Alberto Yáñez Boyer, Ramón y Cajal researcher at BIOTECMED (Interdisciplinary Research Structure in Biotechnology and Biomedicine) and the Department of Microbiology and Ecology at the University of Valencia (UV), participates in a study on the C9orf72 gene and its mutations in the immune system.
The paper suggests that inhibiting activation of the STING protein could be a new therapeutic strategy to treat patients with C9orf72 mutations with frontotemporal dementia (FTD) and hereditary amyotrophic lateral sclerosis (ALS).
Mutations in the C9orf72 gene are the most common known causes of frontotemporal dementia (FTD) and hereditary amyotrophic lateral sclerosis (ALS), a progressive neurodegenerative disease that rapidly affects motor neurons in the brain and spinal cord, which stop sending messages to muscles, causing muscle weakening and inability to move. Mutations of this gene in patients cause both the production of toxic proteins and the decrease in the expression of the C9orf72 gene.
Alberto Yáñez, researcher of the University of Valencia, collaborates in this study, which was recently published in journal Nature. It is led by the laboratory of researcher Robert Baloh of the Institute of Regenerative Medicine, the Department of Neurology and the Center for Neural Sciences and Medicine of Cedars-Sinai Medical Center Hospital, in Los Angeles (USA).
In previous research, published in the journal Science, we demonstrated an unexpected role for C9orf72 in the regulation of the immune system. This was interesting, as patients with FTD/ALS tend to develop autoimmune diseases, but the reason for this increased risk in these patients was still unclear.”
Alberto Yáñez Boyer, Researcher, University of Valencia
In this study, they show that C9orf72 regulates the function of STING, a critical sensor of viral infections within the innate immune system.
Yáñez Boyer explains that what they observed in a mouse model “is that the loss of C9orf72 causes STING to become hyperactive inducing a large systemic inflammation. In addition, we found a similar overactive inflammatory signal in the blood and tissues of ALS patients carrying the C9orf72 mutation. We finally found that we could suppress this overactive inflammation using a STING inhibitor”, explains the UV researcher.

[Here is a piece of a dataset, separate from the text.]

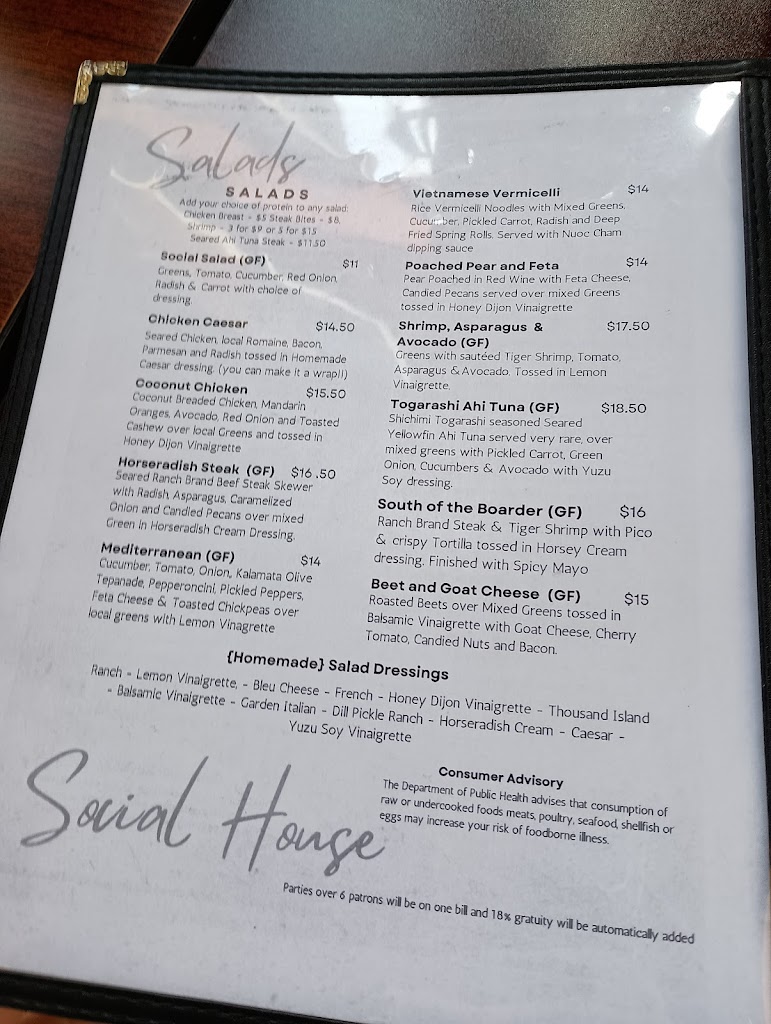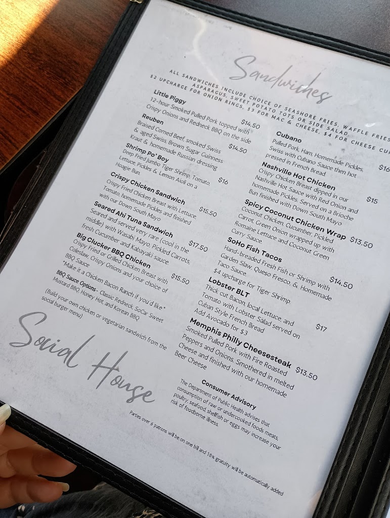 The Social House never disappoints. The place was packed like usual, the food was hot, fresh and cooked to perfection, the waitress was friendly and fast. We were seated near the table who ordered from the lunch menu, yet left a bad review. Don't let their petty review keep you from this TOP NOTCH, small town gem. Thank you to the staff that worked so hard tonight!

The co-author of the paper published in Nature concludes that “these findings reveal that patients with C9orf72 mutations have a fundamentally altered immune system, with a tendency to autoimmunity and an altered response to viruses and other environmental pathogens. This study suggests that inhibiting STING activation could be a new therapeutic strategy for treating patients with FTD/ELA carrying C9orf72 mutations”.
McCauley, M. E., et al. (2020) C9orf72 in myeloid cells suppresses STING-induced inflammation. Nature. doi.org/10.1038/s41586-020-2625-x.